Industry Implications
Santander is not alone in chasing AI billions, but its €1 billion target is far more public and granular than most rivals’ vows. JP Morgan Chase has mentioned using AI for risk and trading but rarely quantifies internal value. HSBC and BBVA have highlighted machine learning pilots but lag in scale of ambition. Santander’s target raises the bar and will likely accelerate AI spending across the sector.
That spend benefits the broader Windows ecosystem. Every AI-driven process requires compute, data storage, and endpoint devices. Santander’s fleet of hundreds of thousands of Windows PCs will need to be refreshed to handle AI-copilot features and local inference tasks. The bank’s demand for AI-skilled developers will fuel demand for Visual Studio subscriptions, Azure certifications, and Windows-based development environments. In short, Santander’s AI journey is a rising tide that lifts all Microsoft ships.
The Road Ahead
The path to €1 billion is fraught with execution risk. Banks are conservative by nature, regulators are growing wary of algorithmic decision-making, and the technology itself is evolving faster than most organizations can absorb. Santander’s plan depends on sustained investment—the bank has budgeted more than €500 million per year for AI-related technology—and on hiring and retaining scarce AI talent in a hyper-competitive market.

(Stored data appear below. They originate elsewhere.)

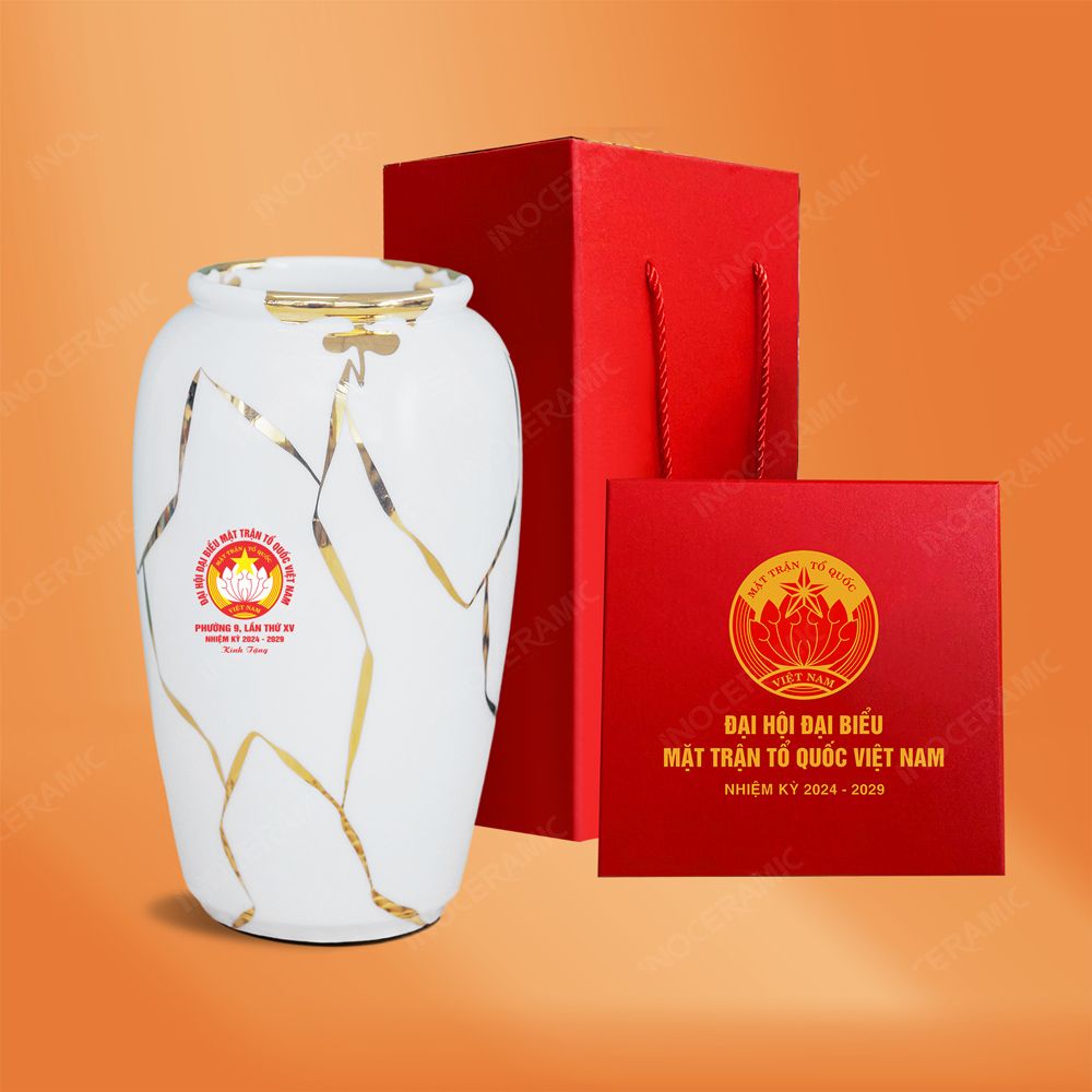 Lọ hoa trắng vẽ vàng in logo quà tặng Đại hội Mặt Trận Tổ Quốc CAM KẾT: “Đừng chỉ tặng một món quà – hãy trao một giá trị văn hoá.”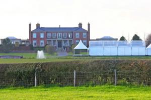 上周工人們在魯尼位于柴郡的價(jià)值2000萬英鎊的豪宅花園里搭建了這個(gè)大型結(jié)構(gòu),昨天還安裝了戶外取暖設(shè)備。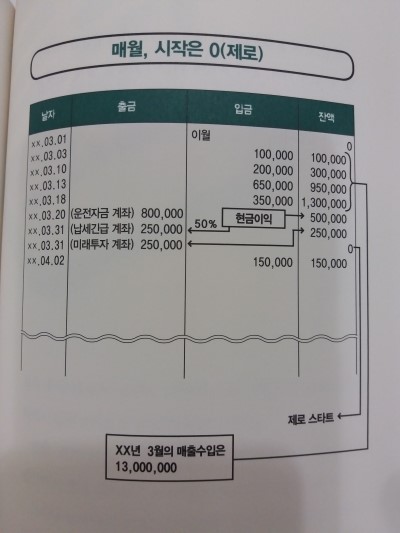 말 그대로 간단하다. 회사 입장으로 설명한다면, 매출, 즉 들어오는 돈은 입금계좌(초록색), 회사운용에 필요한 비용들은 운전계좌(노란색), 기업등에서 지출로 나가게 되는 세금을 따로 떼어 저축하는 납세계좌(빨간색), 미래전망을 보고 회사의 꿈을 위한 투자자금인 투자계좌(파란색)로 각각 나누어 관리함으로써 돈의 흐름을 '정확히' 인식하고, 정형화시키며(패턴을 보며), 정기적으로 확인 및 앞으로의 계획을 세워 관리하는 것이 반드시 필요하다는 것이다.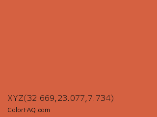 XYZ 32.669,23.077,7.734 Color is a normal red color and the nearest color is Medium Vermilion #d9603b. Hex code #d56141 and RGB value is rgb(213,97,65). In RGB color space, this color is composed of 84% red, 38% green, 25% blue, In CMYK color space, this color is composed of 0% cyan, 54% magenta, 69% yellow , 16% black , In HSL color space, this color has a hue angle of 13° , 64% saturation and 55% lightness.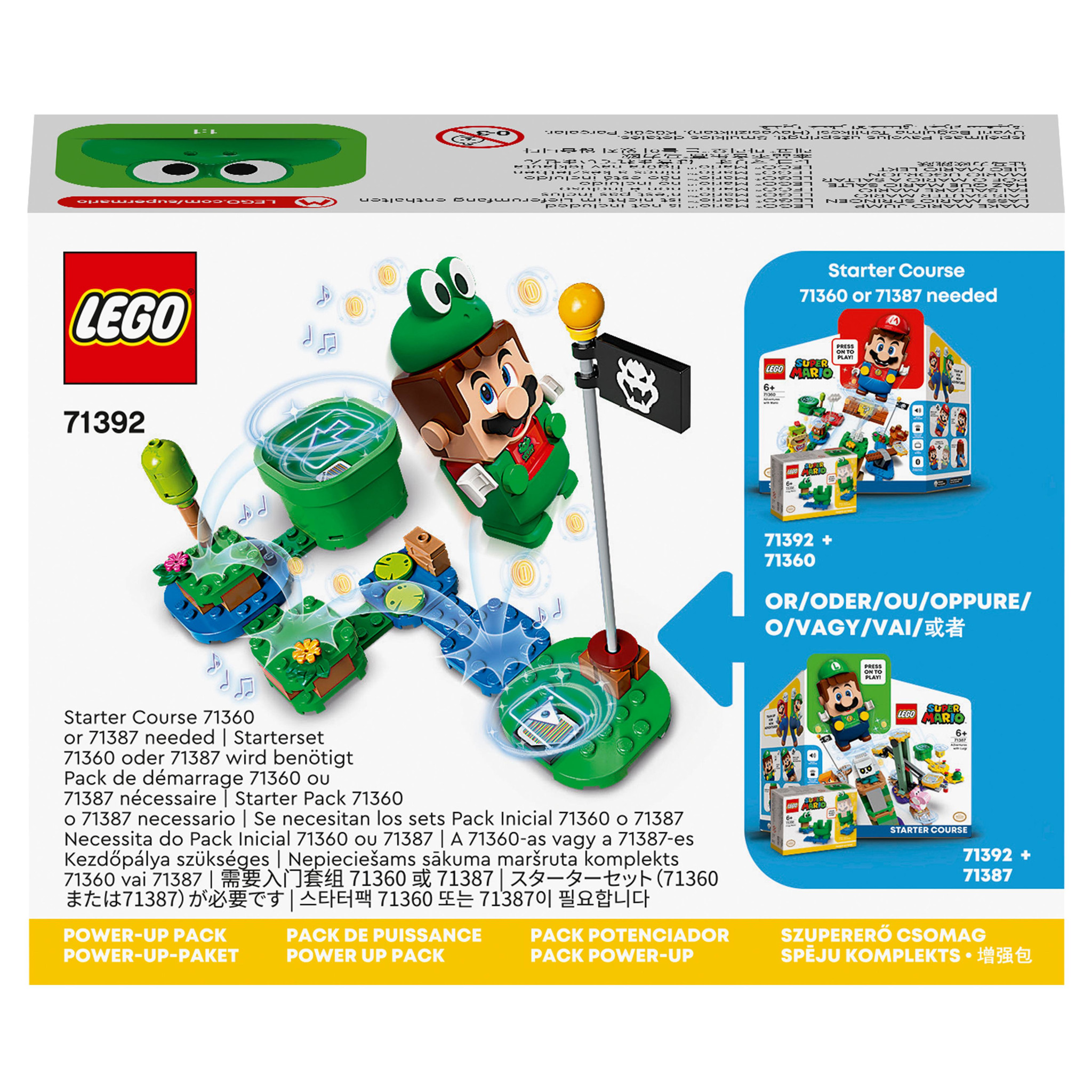 Fans kunnen hun LEGO Super Mario speelervaring nog meer laten spetteren met dit Power-uppakket: Kikker-Mario (71392). Met het interactieve kikkerpak voor LEGO Mario (figuur niet inbegrepen) kunnen spelers extra digitale munten verzamelen door hem te laten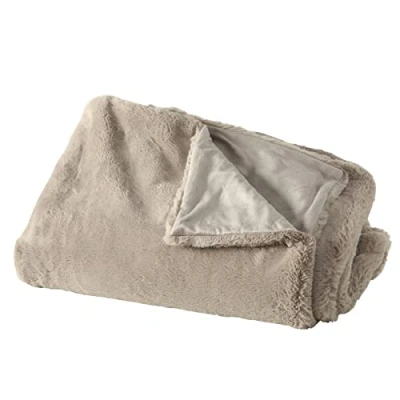 BOLTZE Storan 1015378 Blanket 150 x 200 cm Beige Polyester Cuddly Ideal for Cold Winter Evenings Fur Look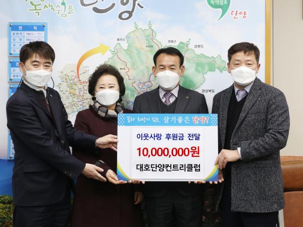 충북 단양군은 대호단양컨트리클럽에서 이웃사랑 후원금으로 1000만원을 기탁했다고 지난 8일 밝혔다.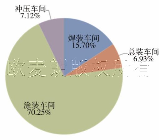 汽车生产制造过程包含冲压、焊接、涂装和总装四个工艺过程,依相关统计,其中涂装车间涉及加热、冷却、动力、通信控制、照明等,能耗在整个制造生产过程中(冲、焊、涂、总)占比蕞大,所占费用比例在70%以上。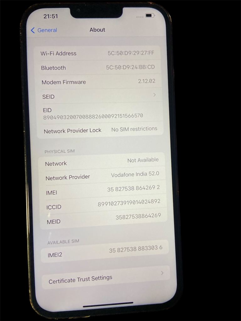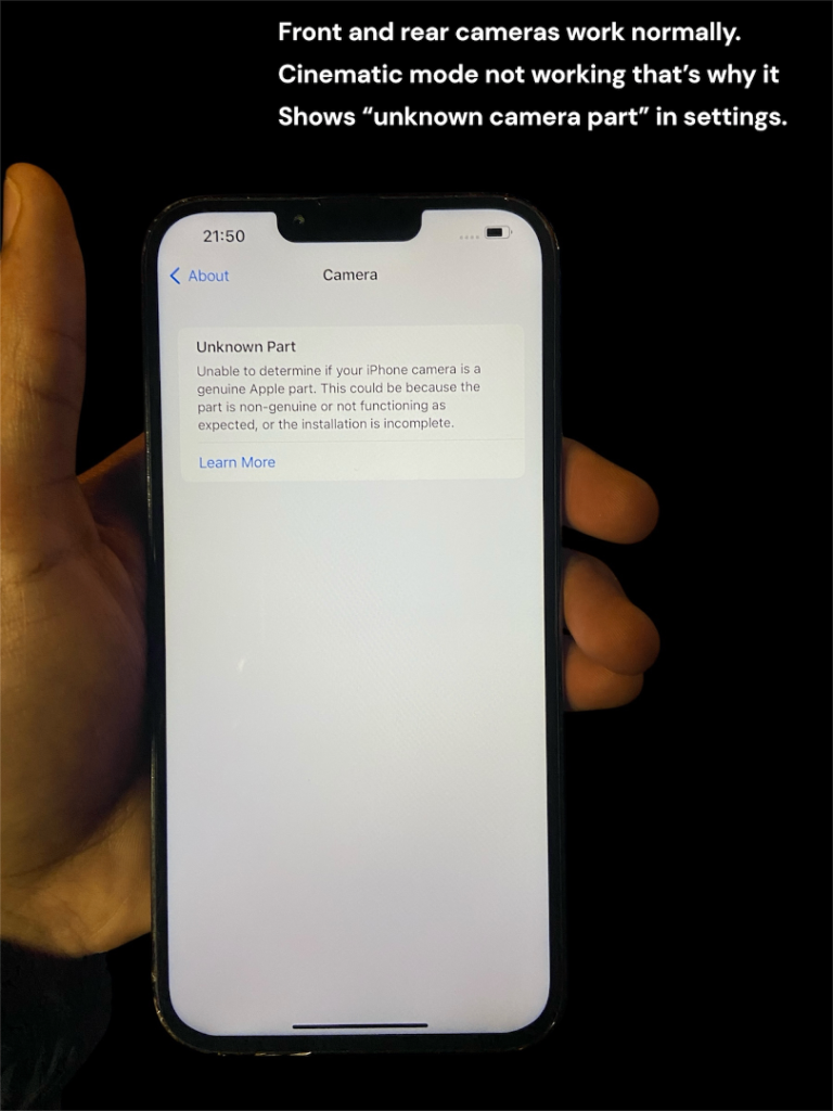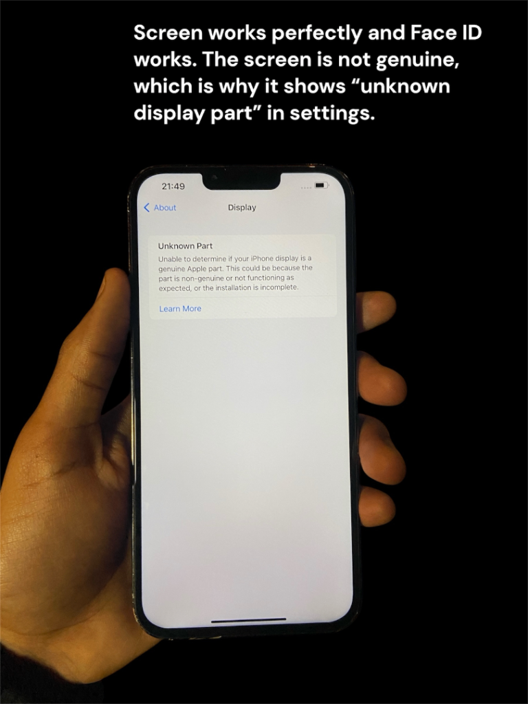 • Screen works perfectly but has been replaced previously so settings show “unknown display part”

There is also the human dimension. Automation at this scale will eliminate jobs, particularly in call centers and back-office operations. Santander has pledged to retrain affected staff for higher-value roles, but the transition will be messy. If delivered well, the bank could emerge leaner and more responsive; if not, service quality could crater just as customer expectations are being raised.
The 2028 target is a stake in the ground. It says that for Santander, AI is no longer an experiment or a side project—it is a core driver of the bottom line. The bank’s execution over the next four years will be watched closely by peers, regulators, and the millions of Windows users who make financial services their daily work. One thing is certain: when a global bank like Santander commits to a €1 billion AI prize, the entire technology ecosystem feels the ripples.